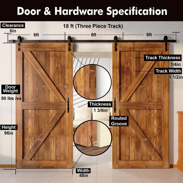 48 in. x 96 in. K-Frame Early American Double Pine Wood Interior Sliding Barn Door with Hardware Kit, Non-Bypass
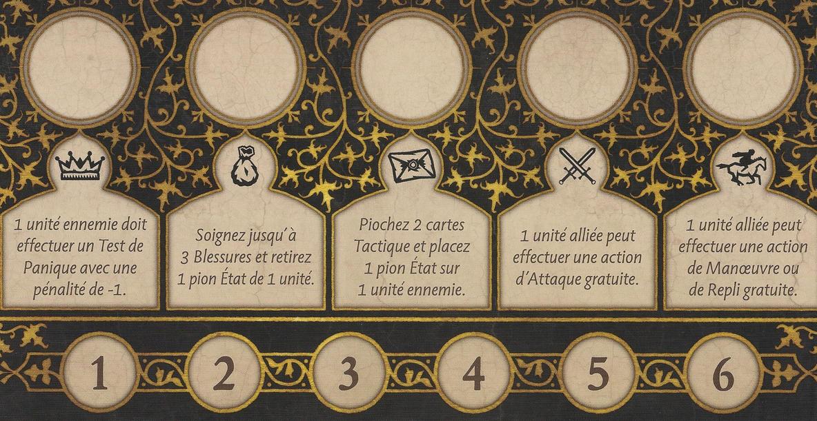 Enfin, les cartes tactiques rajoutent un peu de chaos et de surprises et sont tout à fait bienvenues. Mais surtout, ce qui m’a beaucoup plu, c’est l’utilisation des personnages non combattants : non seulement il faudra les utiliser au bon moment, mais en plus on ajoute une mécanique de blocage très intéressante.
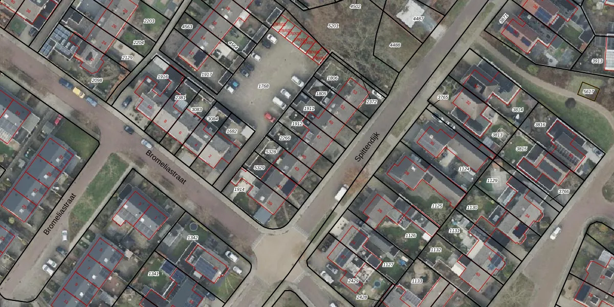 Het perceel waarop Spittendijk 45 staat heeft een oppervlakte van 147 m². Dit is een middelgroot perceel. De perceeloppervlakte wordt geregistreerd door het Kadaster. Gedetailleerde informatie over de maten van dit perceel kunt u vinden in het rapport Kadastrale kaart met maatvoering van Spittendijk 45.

==============================

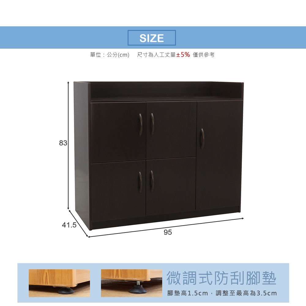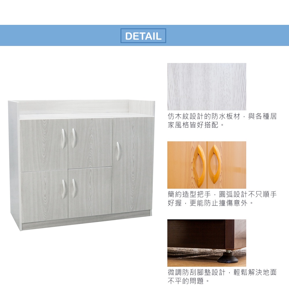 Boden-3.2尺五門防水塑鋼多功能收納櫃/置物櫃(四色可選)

==============================

→ **Your task**
In the listing above, find the line with "48 in. x 96" and the line with "Enfin, les cartes". Set down both and every line between them, minus the pictures.

→ **Expected answer**
 48 in. x 96 in. K-Frame Early American Double Pine Wood Interior Sliding Barn Door with Hardware Kit, Non-Bypass
 Enfin, les cartes tactiques rajoutent un peu de chaos et de surprises et sont tout à fait bienvenues. Mais surtout, ce qui m’a beaucoup plu, c’est l’utilisation des personnages non combattants : non seulement il faudra les utiliser au bon moment, mais en plus on ajoute une mécanique de blocage très intéressante.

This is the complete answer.